4 Challenges and dilemmas faced by mathematical models in plant research

High-throughput experiments that analyze genomes, transcriptomes, proteomes, and metabolomes generate a large quantity of concurrently measured molecular entities (Tenenboim and Brotman, 2016). In current biological research, a combination of experimental high-throughput techniques is often used to investigate a broad range of complex research questions (Seaver et al., 2014; Zhou et al., 2021). High-throughput sequencing (HTS) technologies have revolutionized genetics and genomics at the genome level, providing comprehensive information on the genomes of numerous species through sequencing projects (Arya et al., 2020; Moreira et al., 2020; Sun et al., 2021).

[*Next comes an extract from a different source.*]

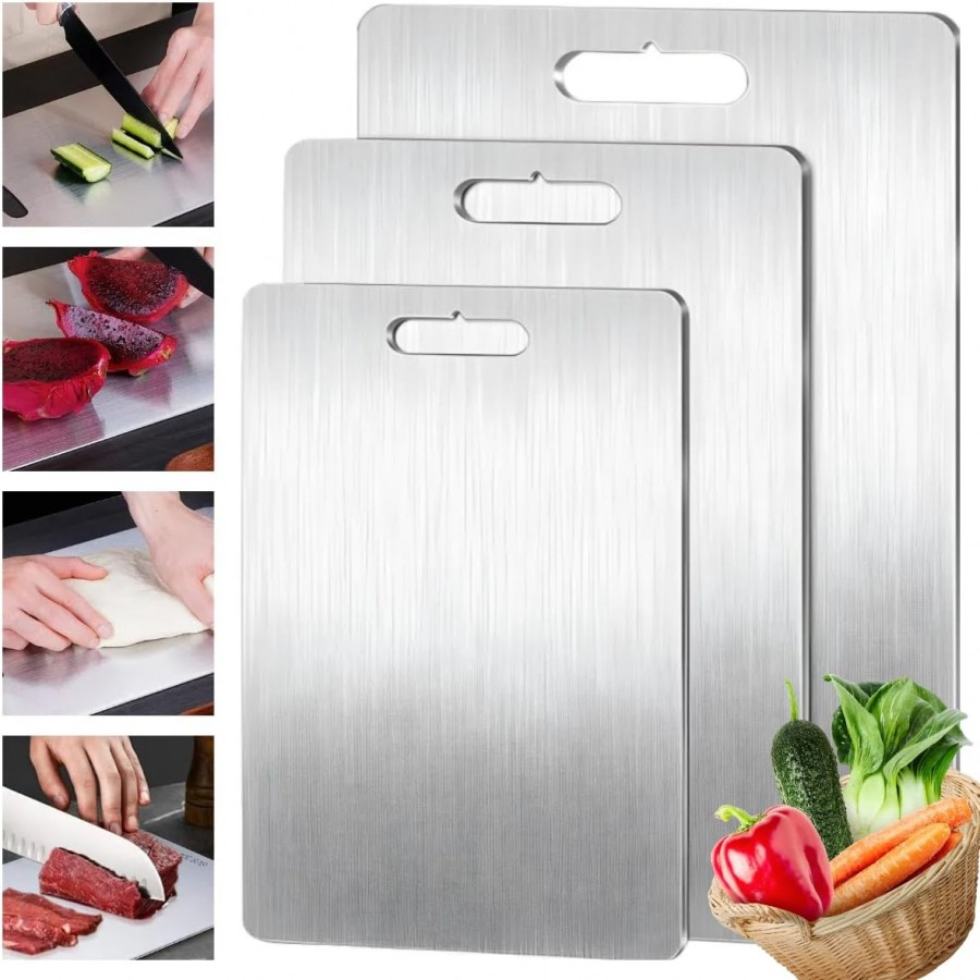 Tocatoarele sunt fata-verso pentru separarea ingredientelor: o parte pentru fructe si legume si cealalta pentru carne . Manerul din otel inoxidabil le face usor de mutat, depozitat sau agatat, mentinand bucataria ordonata. Sunt utile atat acasa, cat si in deplasare/camping: pentru intins aluat, tocat legume sau feliat paine.

However, the integration of big data encounters numerous challenges, including issues related to data quality and consistency, the management of large and intricate data sets, data compatibility concerns, the enhancement of complexity and precision in large-scale modeling, and the optimization of algorithms and computational capabilities.

4.1 Multiomics data quality and format consistency

Computational biology research often involves complex datasets that exhibit multiple characteristics of ‘big data’. The term ‘big data’ encompasses four main properties that pose significant challenges for visualization: the large volume of data; the diversity of formats, data structures, and variable types; the high velocity of data retrieval, analysis, and representation; and the need to determine data validity (Rong et al., 2021; Qian et al., 2022).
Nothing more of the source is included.